Stored entries:

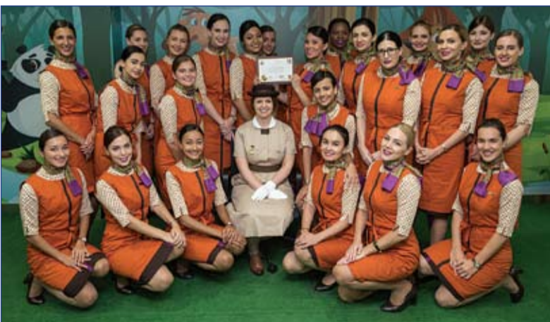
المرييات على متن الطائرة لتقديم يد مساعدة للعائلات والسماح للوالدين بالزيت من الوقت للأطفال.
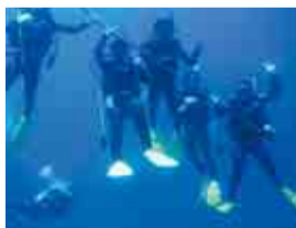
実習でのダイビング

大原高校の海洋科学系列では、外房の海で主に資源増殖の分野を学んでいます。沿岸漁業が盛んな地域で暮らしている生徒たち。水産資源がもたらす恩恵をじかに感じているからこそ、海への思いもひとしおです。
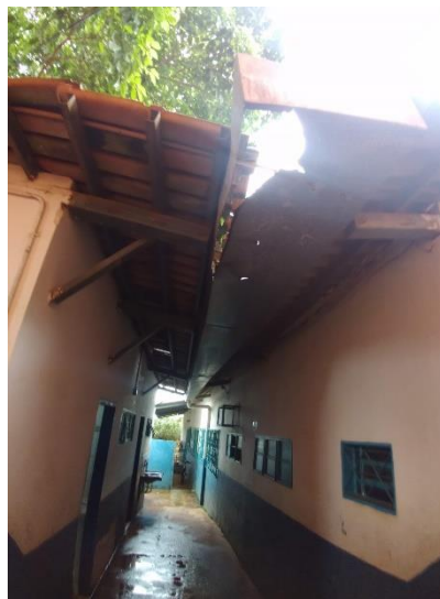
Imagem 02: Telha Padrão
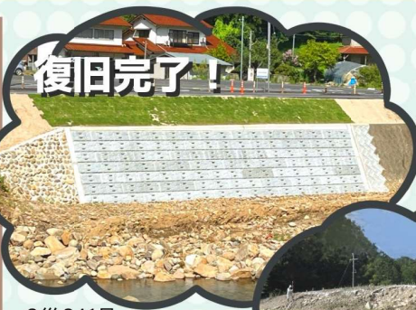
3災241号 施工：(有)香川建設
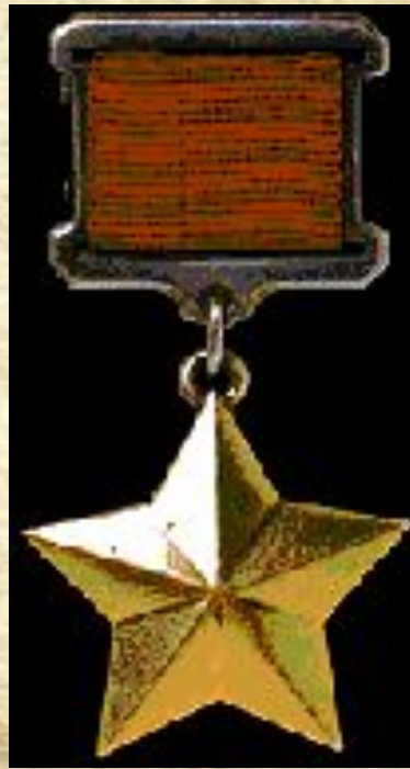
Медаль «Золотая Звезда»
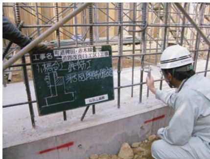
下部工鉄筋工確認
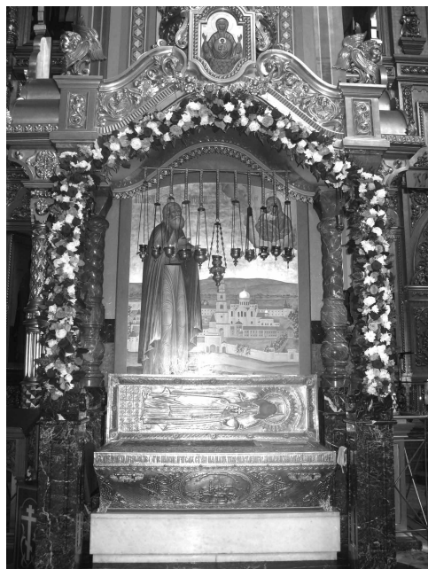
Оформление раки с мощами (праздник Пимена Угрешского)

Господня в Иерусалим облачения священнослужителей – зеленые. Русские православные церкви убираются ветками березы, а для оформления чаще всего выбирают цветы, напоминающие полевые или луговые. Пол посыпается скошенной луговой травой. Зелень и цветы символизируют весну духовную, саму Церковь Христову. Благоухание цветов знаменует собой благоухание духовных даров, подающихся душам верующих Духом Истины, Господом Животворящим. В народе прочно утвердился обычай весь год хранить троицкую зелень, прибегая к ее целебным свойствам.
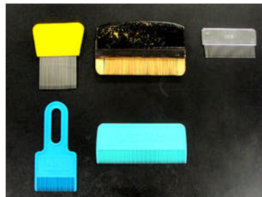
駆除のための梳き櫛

Problem to work on - Pictures do not belong in the copy. Please reproduce the entries above exactly otherwise.

Response for this exercise -
المرييات على متن الطائرة لتقديم يد مساعدة للعائلات والسماح للوالدين بالزيت من الوقت للأطفال.
実習でのダイビング

大原高校の海洋科学系列では、外房の海で主に資源増殖の分野を学んでいます。沿岸漁業が盛んな地域で暮らしている生徒たち。水産資源がもたらす恩恵をじかに感じているからこそ、海への思いもひとしおです。
Imagem 02: Telha Padrão
3災241号 施工：(有)香川建設
Медаль «Золотая Звезда»
下部工鉄筋工確認
Оформление раки с мощами (праздник Пимена Угрешского)

Господня в Иерусалим облачения священнослужителей – зеленые. Русские православные церкви убираются ветками березы, а для оформления чаще всего выбирают цветы, напоминающие полевые или луговые. Пол посыпается скошенной луговой травой. Зелень и цветы символизируют весну духовную, саму Церковь Христову. Благоухание цветов знаменует собой благоухание духовных даров, подающихся душам верующих Духом Истины, Господом Животворящим. В народе прочно утвердился обычай весь год хранить троицкую зелень, прибегая к ее целебным свойствам.
駆除のための梳き櫛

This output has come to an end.